Among the lines of data below, reproduce only those from the one with "Уеб страниците във" through the one with "伺服驅(qū)動方案與普通變", exactly as they stand, both ends included.

#### DATASET RECORDS

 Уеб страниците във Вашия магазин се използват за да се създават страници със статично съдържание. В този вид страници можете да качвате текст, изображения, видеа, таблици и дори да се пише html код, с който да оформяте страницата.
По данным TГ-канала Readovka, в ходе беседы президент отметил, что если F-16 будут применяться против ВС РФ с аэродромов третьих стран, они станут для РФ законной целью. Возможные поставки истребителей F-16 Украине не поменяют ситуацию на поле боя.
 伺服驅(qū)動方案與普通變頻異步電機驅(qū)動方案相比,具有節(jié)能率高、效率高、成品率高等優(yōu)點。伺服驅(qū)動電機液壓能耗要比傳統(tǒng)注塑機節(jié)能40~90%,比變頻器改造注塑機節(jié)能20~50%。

########
#### DATASET RECORDS

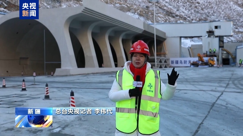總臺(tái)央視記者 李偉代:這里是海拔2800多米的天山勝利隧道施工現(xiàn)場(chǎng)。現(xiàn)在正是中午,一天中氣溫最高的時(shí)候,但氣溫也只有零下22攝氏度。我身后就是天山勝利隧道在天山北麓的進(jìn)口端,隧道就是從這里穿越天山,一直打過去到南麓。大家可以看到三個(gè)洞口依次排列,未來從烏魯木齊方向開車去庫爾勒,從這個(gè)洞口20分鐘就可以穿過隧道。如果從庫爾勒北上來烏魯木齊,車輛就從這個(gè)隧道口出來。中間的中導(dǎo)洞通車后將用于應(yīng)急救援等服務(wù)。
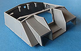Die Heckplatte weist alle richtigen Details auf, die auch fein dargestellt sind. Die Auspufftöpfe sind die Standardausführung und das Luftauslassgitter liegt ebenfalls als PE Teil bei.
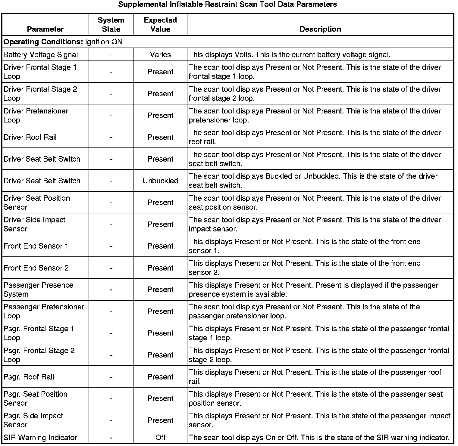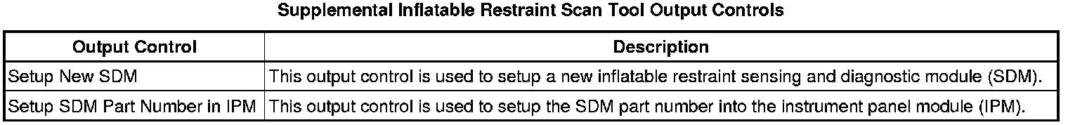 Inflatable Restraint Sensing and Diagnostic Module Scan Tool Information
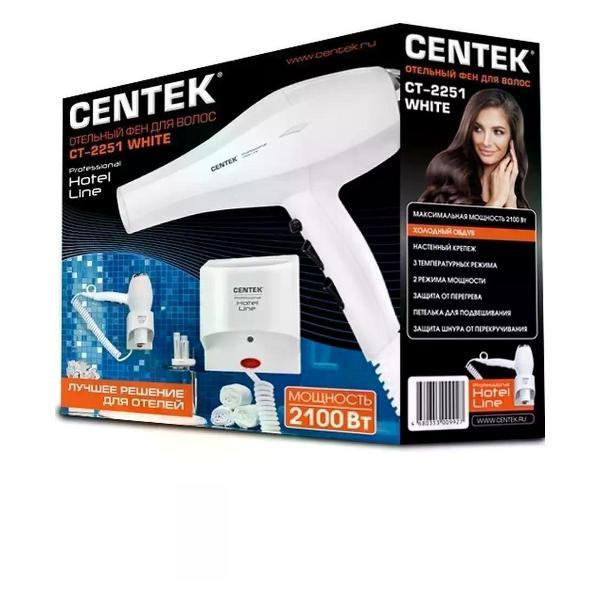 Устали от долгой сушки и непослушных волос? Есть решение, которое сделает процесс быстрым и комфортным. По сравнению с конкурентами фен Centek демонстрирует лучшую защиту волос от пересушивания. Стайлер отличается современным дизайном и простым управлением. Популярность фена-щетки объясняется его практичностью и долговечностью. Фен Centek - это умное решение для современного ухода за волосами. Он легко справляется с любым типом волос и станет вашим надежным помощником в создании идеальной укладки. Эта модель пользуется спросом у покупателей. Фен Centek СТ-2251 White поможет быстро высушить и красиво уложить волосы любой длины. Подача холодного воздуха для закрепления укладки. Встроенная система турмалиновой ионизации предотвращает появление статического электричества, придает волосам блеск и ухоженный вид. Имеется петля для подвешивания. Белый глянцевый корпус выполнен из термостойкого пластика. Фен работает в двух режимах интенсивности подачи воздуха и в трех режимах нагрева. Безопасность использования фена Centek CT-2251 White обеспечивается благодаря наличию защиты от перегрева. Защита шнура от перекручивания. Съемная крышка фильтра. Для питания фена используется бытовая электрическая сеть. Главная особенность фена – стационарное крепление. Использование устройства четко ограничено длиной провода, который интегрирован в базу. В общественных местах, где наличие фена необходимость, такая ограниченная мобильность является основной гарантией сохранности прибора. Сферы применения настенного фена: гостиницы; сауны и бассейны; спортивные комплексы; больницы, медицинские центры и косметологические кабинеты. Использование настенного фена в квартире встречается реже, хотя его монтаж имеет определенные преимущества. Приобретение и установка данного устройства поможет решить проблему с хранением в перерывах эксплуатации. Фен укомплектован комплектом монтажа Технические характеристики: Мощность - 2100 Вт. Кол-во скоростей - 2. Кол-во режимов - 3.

########
#### DATASET RECORDS

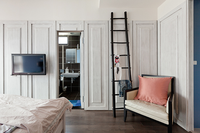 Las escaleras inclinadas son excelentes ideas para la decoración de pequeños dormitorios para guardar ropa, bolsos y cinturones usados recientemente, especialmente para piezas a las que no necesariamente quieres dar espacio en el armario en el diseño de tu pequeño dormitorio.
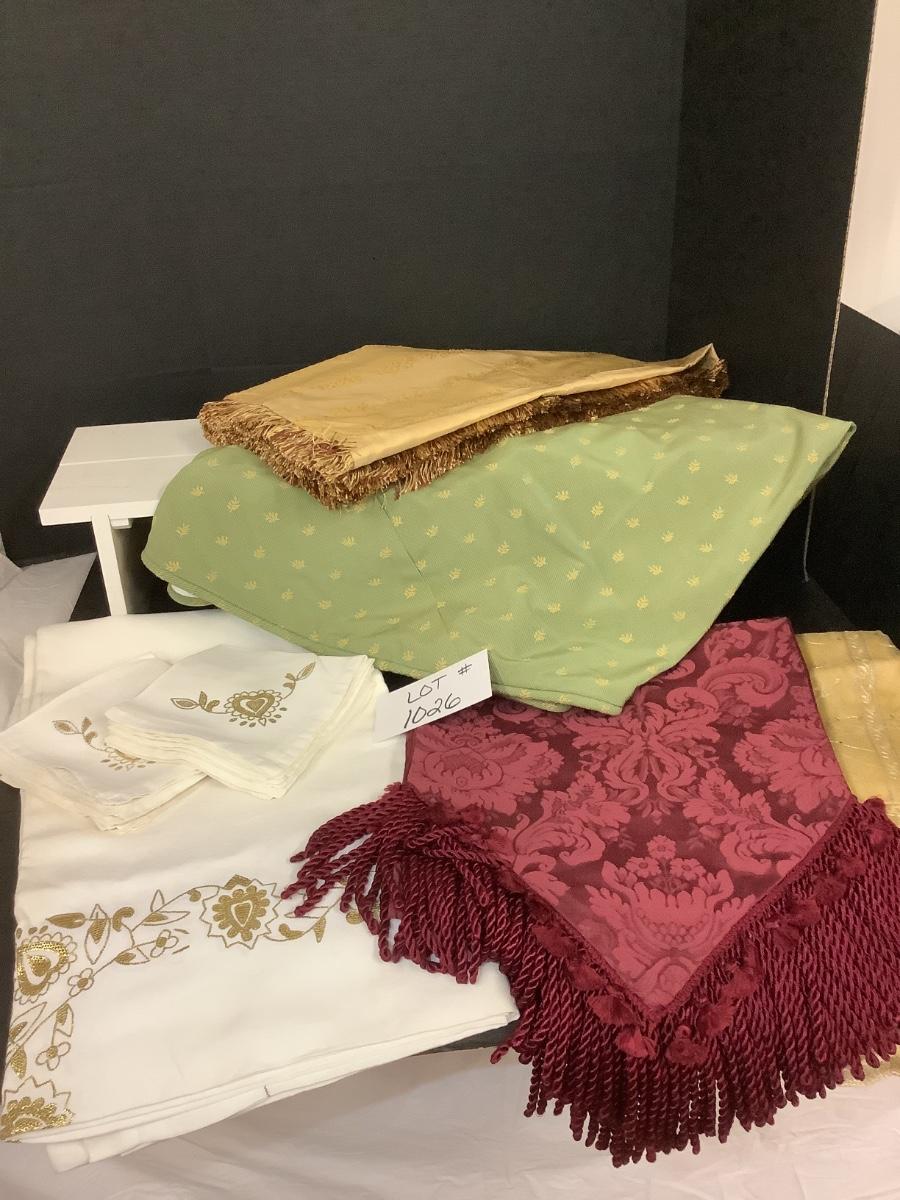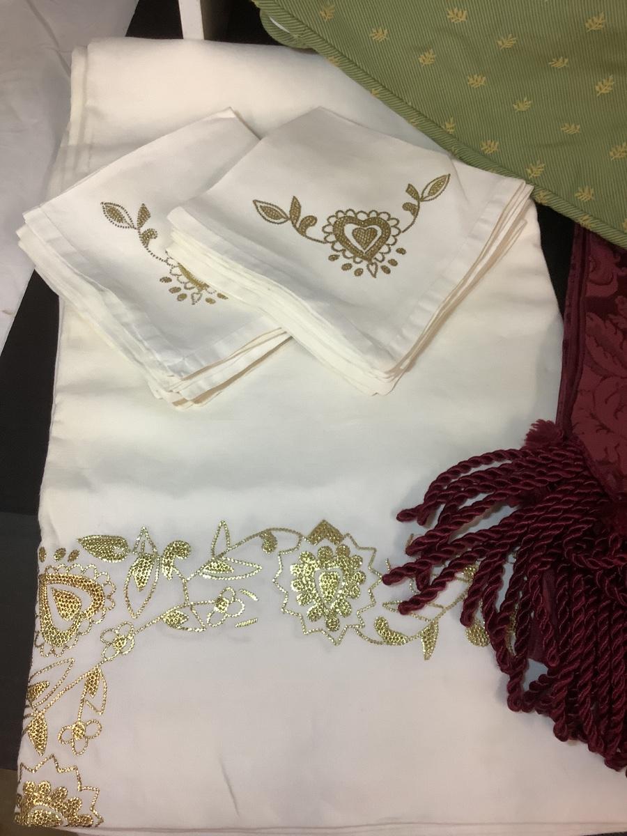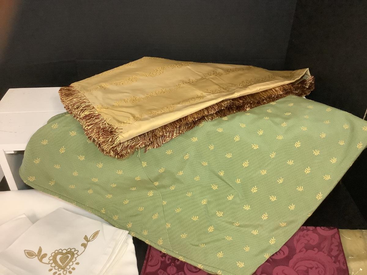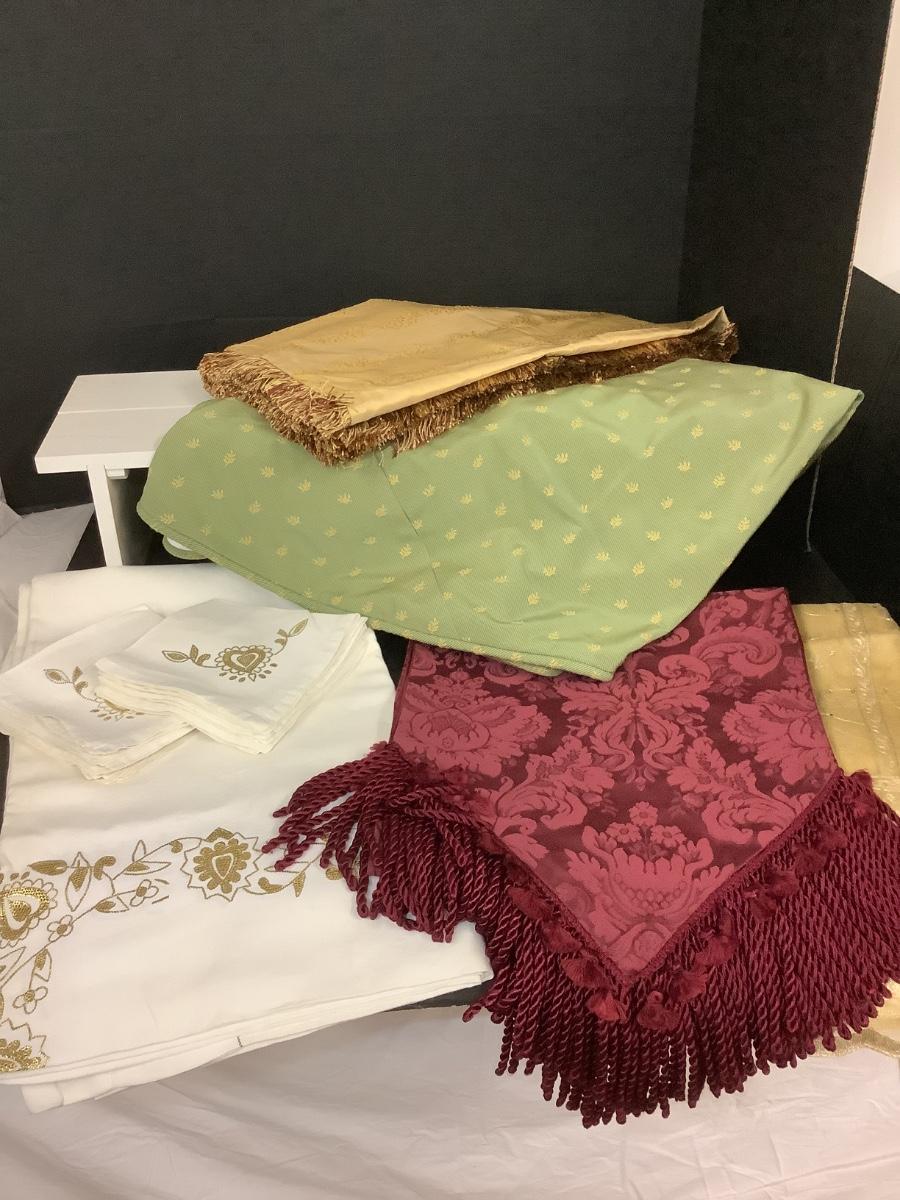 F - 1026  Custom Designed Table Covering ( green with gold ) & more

########

• SOLUTION TO THIS PROBLEM
 Уеб страниците във Вашия магазин се използват за да се създават страници със статично съдържание. В този вид страници можете да качвате текст, изображения, видеа, таблици и дори да се пише html код, с който да оформяте страницата.
По данным TГ-канала Readovka, в ходе беседы президент отметил, что если F-16 будут применяться против ВС РФ с аэродромов третьих стран, они станут для РФ законной целью. Возможные поставки истребителей F-16 Украине не поменяют ситуацию на поле боя.
 伺服驅(qū)動方案與普通變頻異步電機驅(qū)動方案相比,具有節(jié)能率高、效率高、成品率高等優(yōu)點。伺服驅(qū)動電機液壓能耗要比傳統(tǒng)注塑機節(jié)能40~90%,比變頻器改造注塑機節(jié)能20~50%。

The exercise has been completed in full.